You also can add a Guaranteed Purchase Option to a child’s life insurance contract, which allows the child to purchase more insurance later—up to nine times between the ages of 16 or 18 and 43—without providing evidence of insurability. This means if they become uninsurable due to illness or accident, they still can increase the value of their life insurance.

Cash Value: Paying the monthly premiums is a simple way to save money and build up cash value. “When the kids get older, their life insurance contracts may have enough cash value that they could borrow from them for things like college tuition, the cost of a wedding or a down payment on a house,” Bolin says.

You may be able to borrow* from a life insurance contract’s cash value without a credit check and without paying taxes.** (You’ll pay income taxes on gains only if you choose to take a surrender of cash value from the contract versus borrowing from the cash value. If the contract is a Modified Endowment Contract, the loan and interest are taxable.)

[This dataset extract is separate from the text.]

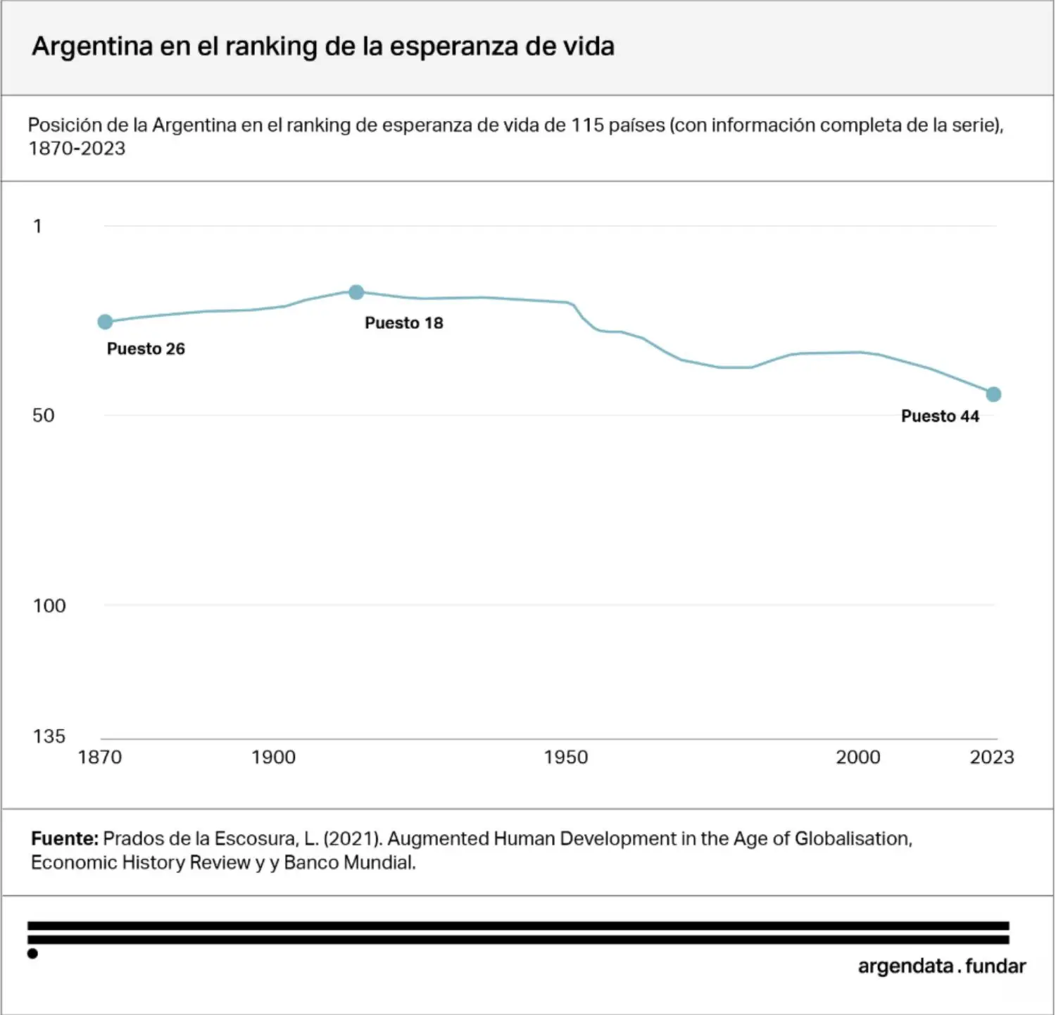 Por eso, nuestra posición en el ranking global descendió: pasamos de ostentar el puesto 18 en 1913, al 44 en 2023, entre 115 países de los que se tienen datos.

Disability Payments: Adding what’s called a waiver of premium rider to a child’s life insurance contract can cover the cost if, as an adult, he or she can’t pay the premiums because of becoming disabled.*** There may be an additional cost for this rider.

Time to Heal

“When a friend recently lost a child, I saw how a life insurance benefit gave him a little extra time to try to find his ‘new normal,’” says Natalie Kratzer, a Thrivent Financial representative in Hummelstown, Pennsylvania. It gives the family time to heal. “The proceeds from the death benefit can help pay for time away from work, costs associated with counseling and other support. Often families will make a charitable contribution or establish a foundation, scholarship or memorial to honor the child. This can help the family and friends grieve.”